Equitable Trade and Southern Africa: A Cookie Cutter Approach Will Cost Lives and Livelihoods

Statement released 3/27/2006

U.S.-SACU FTA Working Group

[Excerpts only. For full text and list of signatory groups see http://www.afsc.org/trade-matters]

The United States-Southern Africa Customs Union free trade agreement (US-SACU FTA) negotiations began in June 2003 to create the first US free trade area with Africa. The Southern Africa Customs Union, which originated in 1889, is one of the oldest formal trading blocks and includes Botswana, Lesotho, Namibia, South Africa, and Swaziland. As organizations that have worked for many decades in Southern Africa and in the U.S. on issues that concern this region, we share goals of a more just, sustainable and prosperous human society in the region. In this spirit, we raise serious concerns related to the negotiations of the U.S.-SACU FTA and offer recommendations that are essential to a more just trade relationship between the United States and the nations of Southern Africa.

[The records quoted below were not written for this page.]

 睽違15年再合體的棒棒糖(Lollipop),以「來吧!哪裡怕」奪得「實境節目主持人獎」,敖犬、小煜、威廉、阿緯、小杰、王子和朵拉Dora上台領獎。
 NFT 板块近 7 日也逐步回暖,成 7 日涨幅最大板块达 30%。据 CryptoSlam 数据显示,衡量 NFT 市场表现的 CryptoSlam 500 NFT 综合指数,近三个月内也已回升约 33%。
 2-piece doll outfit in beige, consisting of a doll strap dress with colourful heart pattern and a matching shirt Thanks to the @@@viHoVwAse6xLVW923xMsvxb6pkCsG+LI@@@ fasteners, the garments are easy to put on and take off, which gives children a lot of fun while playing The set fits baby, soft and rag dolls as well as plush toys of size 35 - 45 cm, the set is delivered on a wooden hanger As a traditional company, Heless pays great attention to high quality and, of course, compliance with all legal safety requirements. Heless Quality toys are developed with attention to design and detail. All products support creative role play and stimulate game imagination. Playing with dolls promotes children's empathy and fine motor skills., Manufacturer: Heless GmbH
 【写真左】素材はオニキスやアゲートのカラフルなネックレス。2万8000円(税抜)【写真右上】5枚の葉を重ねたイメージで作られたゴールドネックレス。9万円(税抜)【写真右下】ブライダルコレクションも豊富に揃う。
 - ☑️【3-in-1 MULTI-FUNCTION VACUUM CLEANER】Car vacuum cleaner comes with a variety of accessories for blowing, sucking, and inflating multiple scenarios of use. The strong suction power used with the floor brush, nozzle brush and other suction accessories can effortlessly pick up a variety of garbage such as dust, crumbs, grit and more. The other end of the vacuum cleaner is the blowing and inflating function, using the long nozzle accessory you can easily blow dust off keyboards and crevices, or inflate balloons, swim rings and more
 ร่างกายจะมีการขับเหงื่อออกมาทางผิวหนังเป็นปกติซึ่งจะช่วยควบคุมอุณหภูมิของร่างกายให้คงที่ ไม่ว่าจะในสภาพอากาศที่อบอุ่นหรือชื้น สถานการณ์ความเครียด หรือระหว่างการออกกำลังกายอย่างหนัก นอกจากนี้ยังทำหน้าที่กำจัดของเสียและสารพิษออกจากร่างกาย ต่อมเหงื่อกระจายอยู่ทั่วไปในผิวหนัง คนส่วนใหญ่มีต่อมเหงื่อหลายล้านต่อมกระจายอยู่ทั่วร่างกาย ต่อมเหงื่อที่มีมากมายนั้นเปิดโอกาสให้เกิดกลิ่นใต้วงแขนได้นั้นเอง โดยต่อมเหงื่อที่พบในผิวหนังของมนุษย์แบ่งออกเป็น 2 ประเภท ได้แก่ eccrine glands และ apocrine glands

Although the negotiations continue to start and stall and the text remains a total secret, based on the experience and precedent of other US FTA's, it is not difficult to anticipate how the U.S.-SACU FTA will unfold. Looking at the North American Free Trade Agreement (NAFTA), US-Chile FTA, and Central American Free Trade Agreement (CAFTA) models helps us anticipate what will be included. After twelve years, the accumulated evidence surrounding NAFTA demonstrates that any agreement crafted along the lines of that accord would have potentially adverse environmental, economic and human consequences for many people in the United States and Southern Africa.

Democratic Participation and Transparency

US-SACU governments should take active steps to facilitate direct and meaningful engagement from civil society in negotiating the proposed US-SACU FTA. ... US-SACU negotiations have not made available draft texts, proposals, timelines or agendas for the established channels of civil society to have an informed debate. It is essential that U.S.-SACU FTA negotiations extend, beyond the business sector, the appropriate mechanisms for democratic participation.

...

Worker Rights

...

With corporations' increased ability to relocate in search of lower labor costs, a "race to the bottom" has ensued. This trend is disproportionately felt by low-skilled labor that are forced to compete for jobs. Communities are also forced to compete for investment by requiring less of employers. The global race to the bottom has been a significant factor in the stagnation of job quality in the U.S. and the spread of sweatshop labor in Southern Africa. With no existing social provisions in the SACU mandate and the lack of resources for enforcement of member country labor laws, the U.S.-SACU FTA is likely to perpetuate rather than help this problem.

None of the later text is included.